Fitch considers Major's operating profile to be modest, with a relatively small revenue base and a history of adequate profitability for the core hospital enterprise, mostly due to losses at its employed physician practices. However, physician practice losses have been reduced as a result of its relationship with Franciscan Alliance. The reliance on IGT payments is noted and the 'BBB+' rating is based on the expectation of significant IGT payments over at least the next two fiscal years. As a result of good outpatient volume trends and steady expenditure controls, the operating margin for the enterprise in fiscal 2014 was 4.2% and operating EBITDA margin was 10.6%, compared to the 'BBB' category median of 0.6% and 7.7%, respectively. Through the first six months of fiscal 2015 ending on June 30, the operating margin was 2.4% and operating EBITDA margin was 7.9%, softening as a result of lowered supplemental Medicaid payments and accelerated depreciation expenses relating to planned demolition of the existing hospital. Given the high levels of IGT receipts, MADS coverage by EBITDA is robust at 6.8x in fiscal 2014 and 7.0x for the interim six month period for fiscal 2015.

Major Hospital's liquidity increased over the last several years as a result of the IGT payments from its relationships with the long-term care providers. It is expected that steady operating cash flow and IGT payments will continue to boost unrestricted cash balances over the near term. Since Major anticipates using about \\$30 million during fiscal 2016 to complete its replacement hospital project, building reserves while maintaining adequate working capital are an important rating factor.

ELEVATED DEBT BURDEN

After last year's bond issue to partially fund a replacement hospital project, Major increased its debt position. MADS represents a moderate 4.5% of fiscal 2014 revenue. MADS coverage by operating EBITDA for fiscal 2014 and the six month interim period ending June 30, 2015 of 2.4x and 1.6x, respectively. Given Major's small hospital-based revenue amounts, Fitch believes that its financial flexibility is somewhat limited and leaves them susceptible to reimbursement modifications or changes in the delivery of care.

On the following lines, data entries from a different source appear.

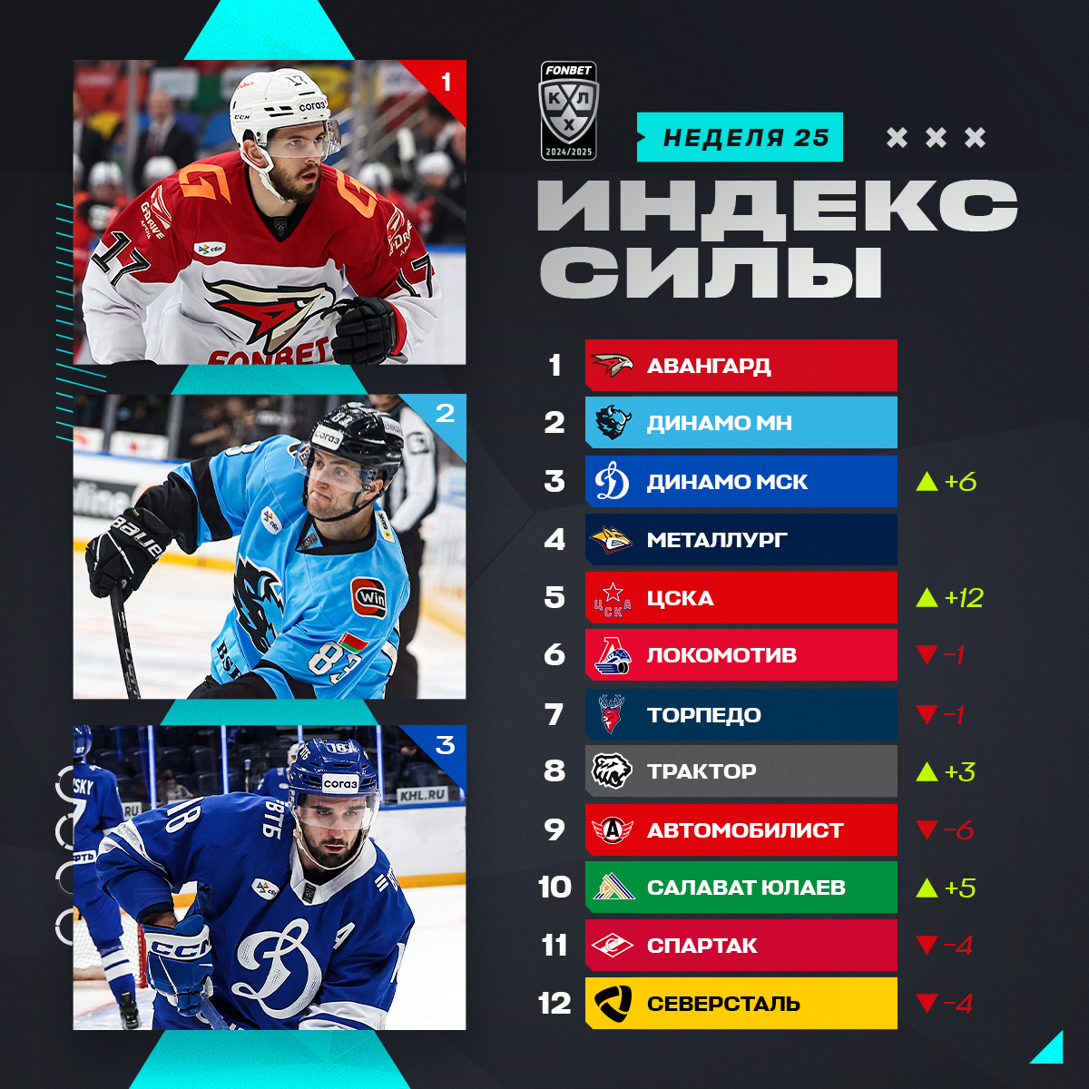 Минское «Динамо» занимает 2-е место в индексе силы по итогам 25-й недели сезона КХЛ 2024/25
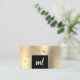 Os cartões de visitas elegantes apresentam pontos de configuração dourados falsos e textura de fundo, iniciais e informações de contato.
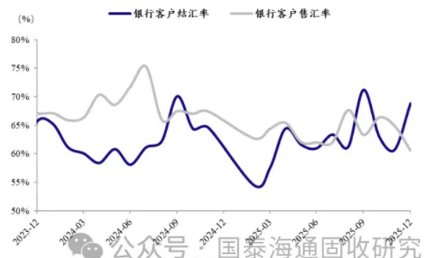 曲线显示2025年末结汇率持续抬升并高于多数历史时点,购汇率相对走低,支持“结汇行为强化”的陈述。[page::1]
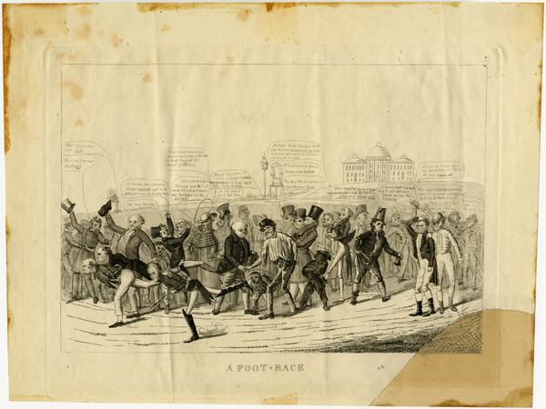 Henry Clay engaged in a foot race to win the presidency. A crowd cheers them on and remarks about the candidates reflecting
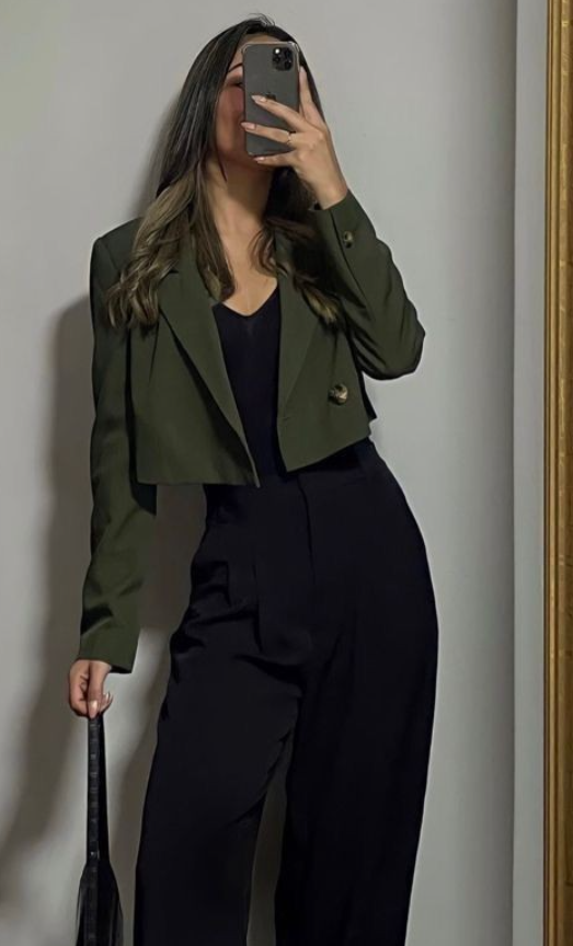 An olive blazer paired with black wide-leg pants creates a sleek, comfortable outfit. Layered with a black top, it transitions seamlessly from office meetings to social events.
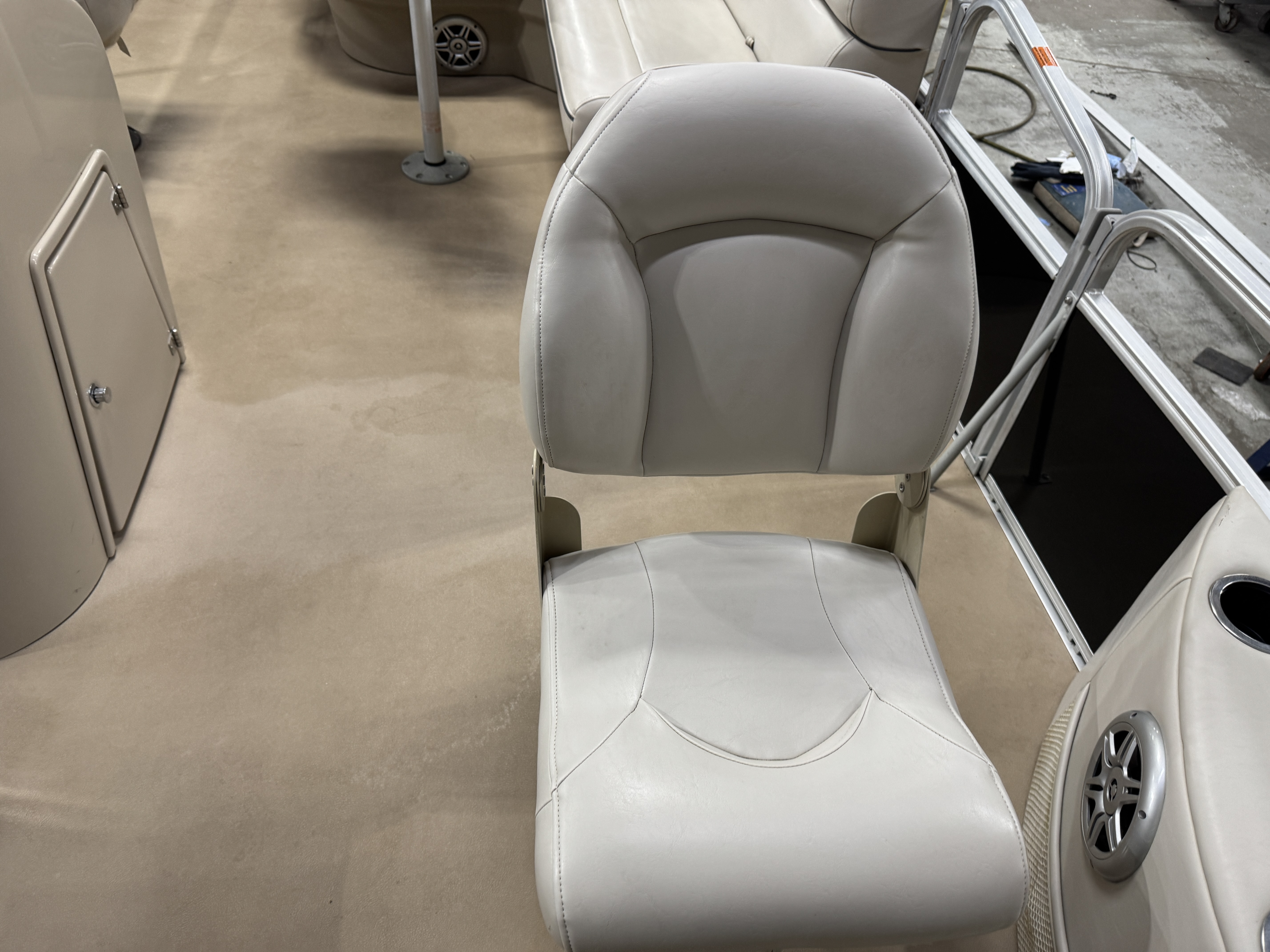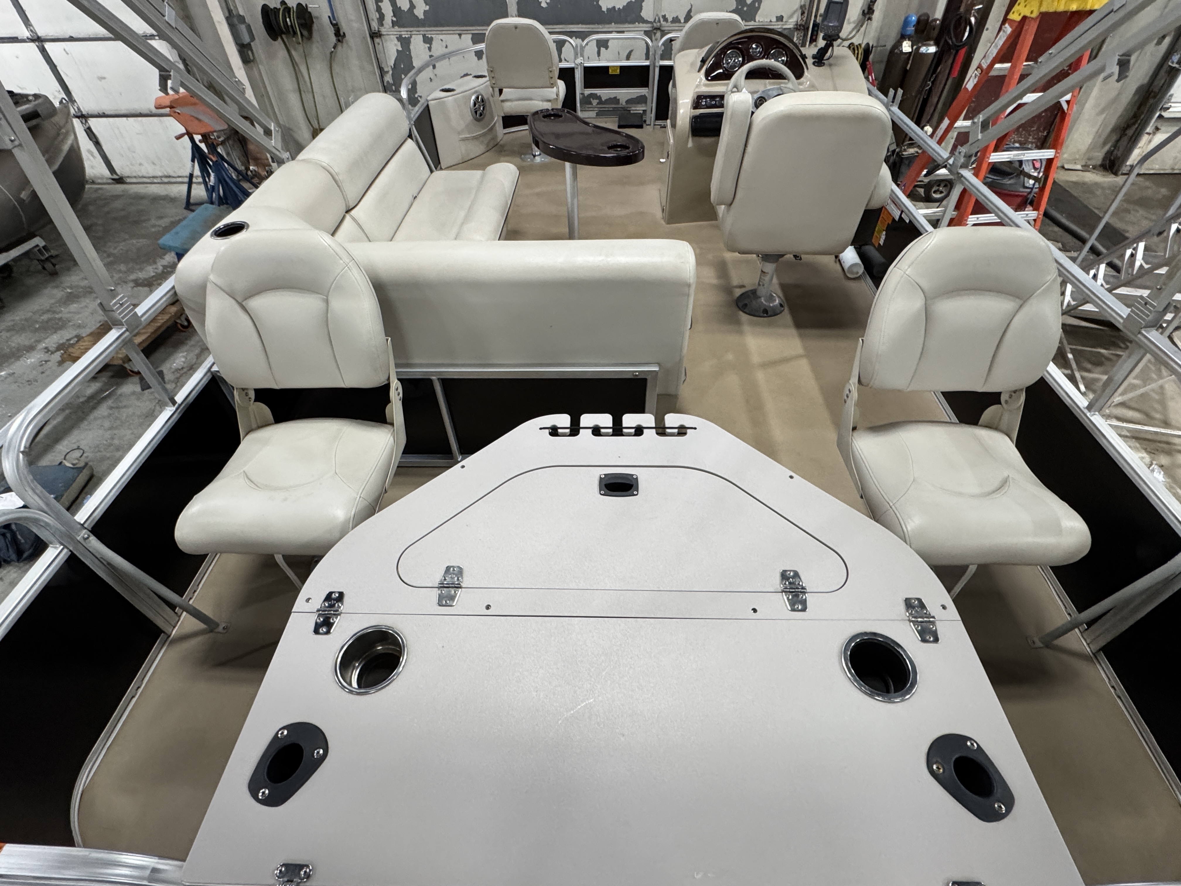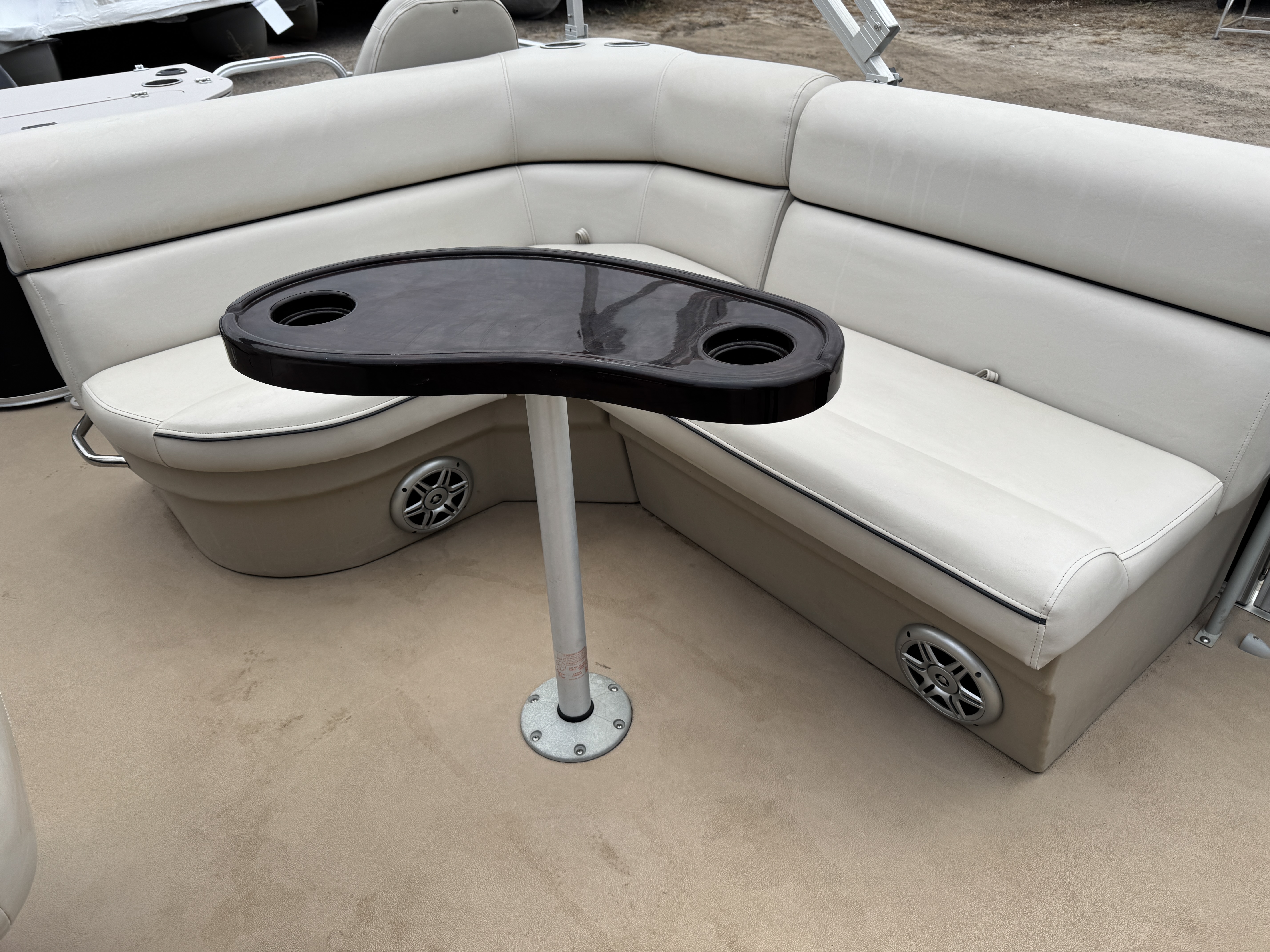 each corner of the pontoon. The front fishing seats have a mini console in the
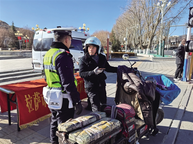 檢查過(guò)程中,民警還在部分重要交通路口和人員密集區(qū)域設(shè)立交通安全宣傳點(diǎn)位,搭建展板,向過(guò)往的市民和電動(dòng)車(chē)駕駛者告知超標(biāo)電動(dòng)車(chē)禁止上路的原因,講解超標(biāo)電動(dòng)車(chē)退市處理相關(guān)流程,讓廣大市民群眾更直觀地了解騎乘超標(biāo)電動(dòng)車(chē)出現(xiàn)交通事故的嚴(yán)重后果,強(qiáng)調(diào)遵守交通法規(guī)和佩戴安全頭盔等行為的重要性。拉薩市民曲女士告訴記者:“聽(tīng)了交警宣講的交通安全知識(shí),我覺(jué)得很有意義,以后我會(huì)自覺(jué)遵守交通規(guī)則,確保出行安全。”

REPLACMENT HOSPITAL PROJECT

During September 2014, Major embarked on a replacement hospital project. The new hospital will right-size the bed component to 46 all private rooms, down from 61 (excluding neonatal beds). Although there are construction and execution risks with the project, Fitch views the replacement hospital favorably since it will better position Major to adapt to healthcare delivery modifications by improving efficiency and quality of care.

Located off interstate 74 and Indiana State Road 9, the replacement hospital will be more easily accessible and part of a state-certified technology park that houses several of Major's outpatient facilities. According to management, while there was about four weeks of weather delays earlier this year, the project is on time and within budgeted parameters with an expected completion date of August 2016.

DISCLOSURE

Major covenants to provide annual financial information within 180 days of the close of each fiscal year-end and quarterly information within 60 days after the end of each of the first three fiscal quarters.